Here are some wild and reckless claims talkers on Fox News have been making about the email story in recent weeks, via Nexis:
*“The e-mail evidence made public so far pretty much enough to indict her on a misdemeanor national security beef. If the FBI discovers she had her e-mail server professionally scrubbed, the former secretary of state could be looking at a felony charge.” (Bill O'Reilly)
*“The idea that we're even debating whether or not she violated the law -- you'll hear her supporters say, Well, where's the evidence? And I say we're not only overwhelmed with all the evidence, I say where is the grand jury? Why isn't there a grand jury?” (Mark Levin)
*“Was this a mass criminal conspiracy? You've got co-conspirators! You've got people taking top secret off of e-mails! You've got everything the grand jury should be investigating right now!” (Jeanine Pirro)
And this what-if exchange, via Nexis transcript, between Fox legal analyst Peter Johnson Jr. and Sean Hannity nicely captures the breathless chatter being broadcast on Fox [emphasis added]:
JOHNSON: Oh, I think this is significant legal problems. I don't know whether a crime has been committed or not, but we have all of the circumstances, all of the conditions surrounding the potential that a crime has been committed...
HANNITY: A serious crime.
JOHNSON: ... apart from bad judgment, apart from this nonsense that you're going to recreate history and keep a State Department to yourself and say, I'm going to take the server with me.
I think that this is the digital analog to the Nixon Watergate tapes.
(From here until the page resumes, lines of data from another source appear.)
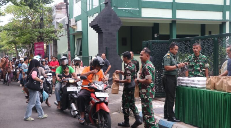 Kodim 0807/Tulungagung menggelar kegiatan berbagi takjil kepada para pengguna jalan yang melintas di depan Makodim, Jumat (20/2/2026). Foto: Istimewa
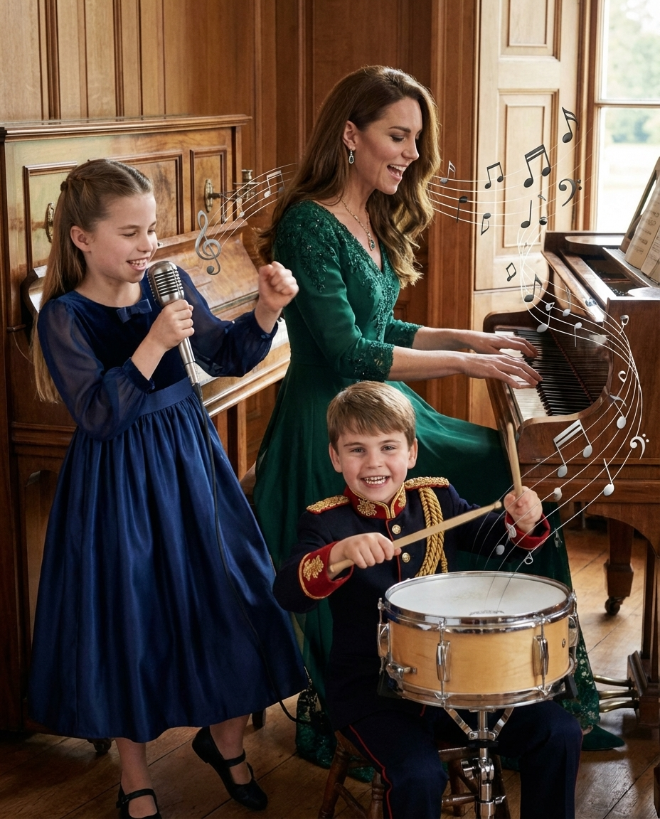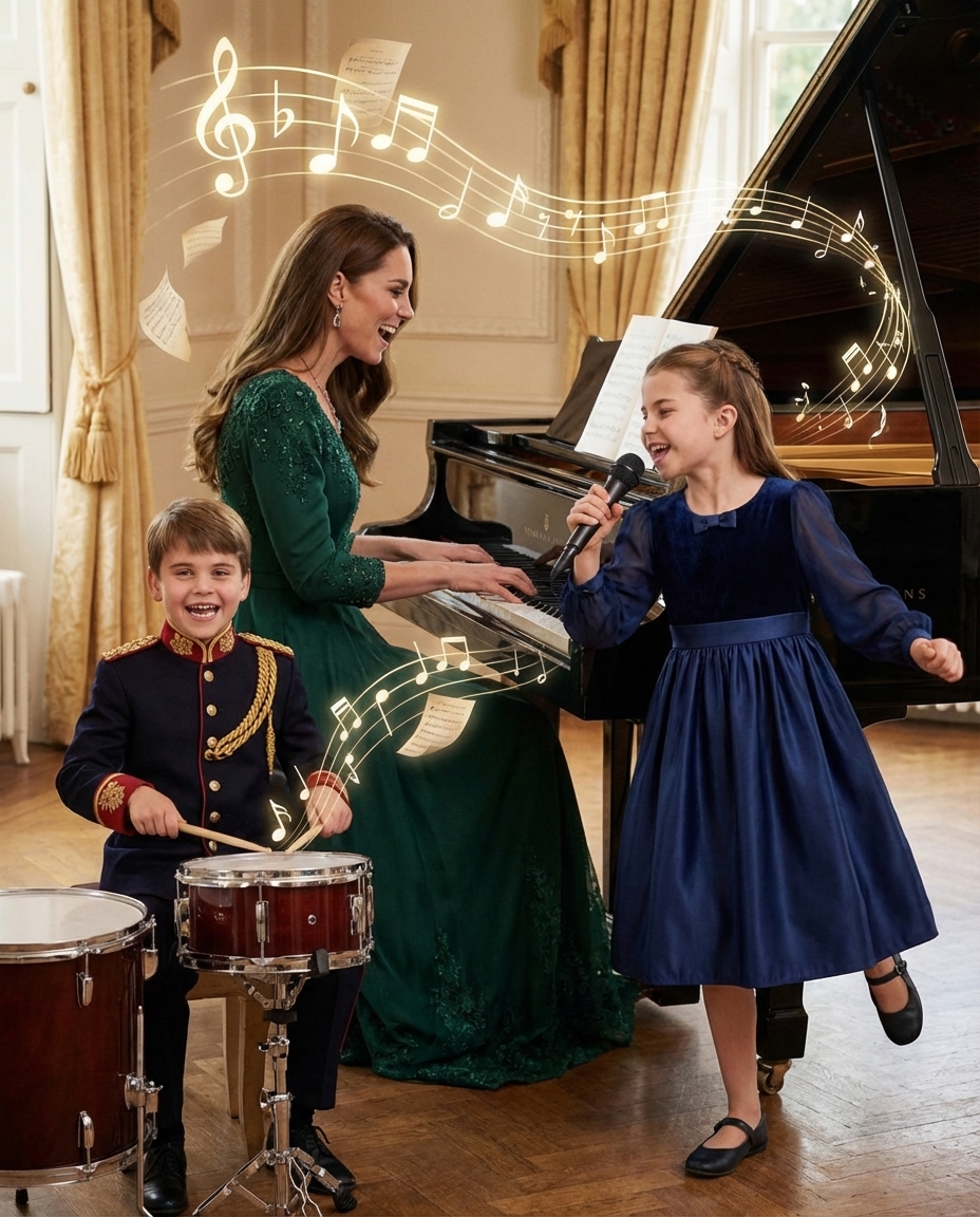 On an enchanting evening that few could have predicted, Princess Catherine and her children, Princess Charlotte and Prince Louis, unexpectedly took to the stage to perform a concert that astonished the attendees. This intimate gathering, held in a private setting, was not only a display of royal talent but also a warm reminder of the joy and creativity within the royal family. From Princess Catherine’s superb piano performance to Princess Charlotte’s melodious singing and Prince Louis’s energetic drumming, the concert was a magical experience that captivated all present.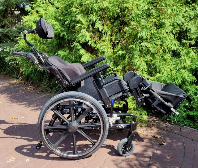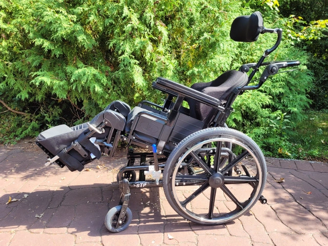 STP Tilt wheelchair with additional headrest and feet supports. Includes leg padding and airflow seat. Padded bucket footrest. Condition: Used - Like new For Sale By: Owner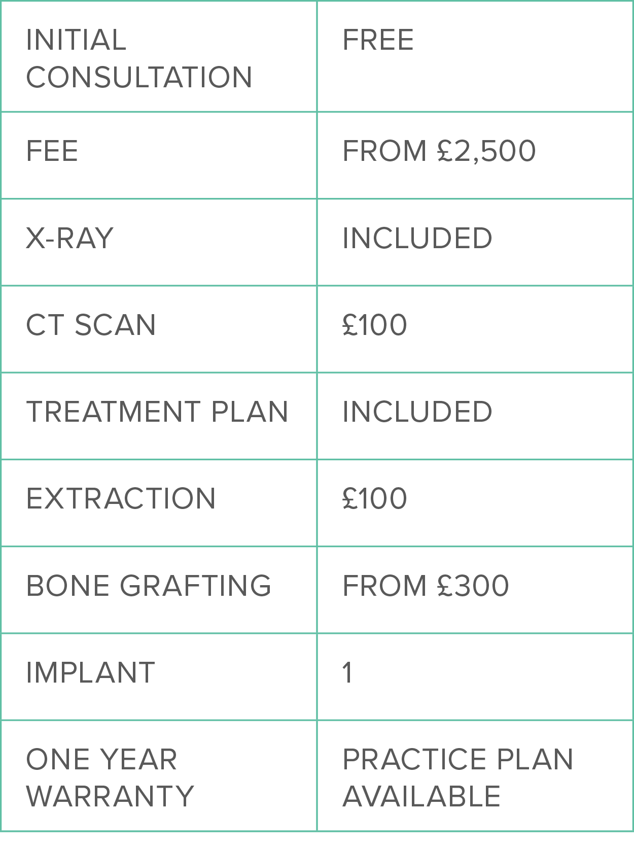 To find out more about the costs of a single implant, please take a look at the table below. Some of our patients don't require a CT scan or surgical extraction, so we only charge these add ons if necessary..

It's the same kind of controlling mindset.
HANNITY: Peter, look at the possible smoking guns.
JOHNSON: Yes.
HANNITY: What if the Chinese have it? What if Putin has it? What if the FBI can recover some of the deleted e-mails that maybe refer to Benghazi or other issues...
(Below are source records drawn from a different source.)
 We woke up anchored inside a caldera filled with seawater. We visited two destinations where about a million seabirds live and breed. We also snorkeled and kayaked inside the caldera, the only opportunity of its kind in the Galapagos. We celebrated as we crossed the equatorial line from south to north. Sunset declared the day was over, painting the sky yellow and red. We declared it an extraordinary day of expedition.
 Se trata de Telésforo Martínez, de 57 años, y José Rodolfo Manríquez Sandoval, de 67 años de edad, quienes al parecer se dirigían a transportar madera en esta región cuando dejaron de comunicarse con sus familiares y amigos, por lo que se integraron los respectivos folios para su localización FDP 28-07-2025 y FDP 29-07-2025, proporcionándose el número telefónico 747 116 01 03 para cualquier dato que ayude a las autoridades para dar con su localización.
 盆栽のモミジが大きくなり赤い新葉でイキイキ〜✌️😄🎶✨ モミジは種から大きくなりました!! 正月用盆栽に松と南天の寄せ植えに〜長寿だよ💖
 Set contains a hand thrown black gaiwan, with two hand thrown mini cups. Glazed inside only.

JOHNSON: Where did they go either intentionally or unintentionally? What's the negligence? What's the...
(CROSSTALK)
HANNITY: ... obstruction of justice!
JOHNSON: And when the FBI comes a-calling -- we haven't even gotten to that. what about the personal interview with Secretary of State Clinton...
HANNITY: Right.
JOHNSON: ... and all of the people that used to work for her? We haven't even gotten to that point. That point will come. The FBI will say...
(CROSSTALK)
HANNITY: What are the odds -- last question. What are the odds you think she would get indicted?
Of course the email story reminds Fox talkers of Watergate. (Are they trying to pre-impeach Clinton?) That should also sound familiar.
In September 2012, The Five co-host Eric Bolling described the Benghazi “cover-up” as “the biggest news story since Watergate.” On the night of Obama's reelection, Fox News contributor Todd Starnes announced on Twitter, “the first order of business should be a full investigation of Benghazi -- followed by impeachment proceedings.” And just last year, Fox's Pirro called Benghazi the “biggest cover up since Watergate” and declared that Obama's “dereliction of duty as commander-in-chief demands [his] impeachment.”
Like I said, virtually every claim Fox News made about Obama and Benghazi turned out to be utter nonsense. So now, after crassly politicizing the deaths of four Americans in a failed attempt to dislodge Obama, Fox has taken its Benghazi hoax and christened it a Clinton email crusade.
To date, it's proving to be just as dishonest.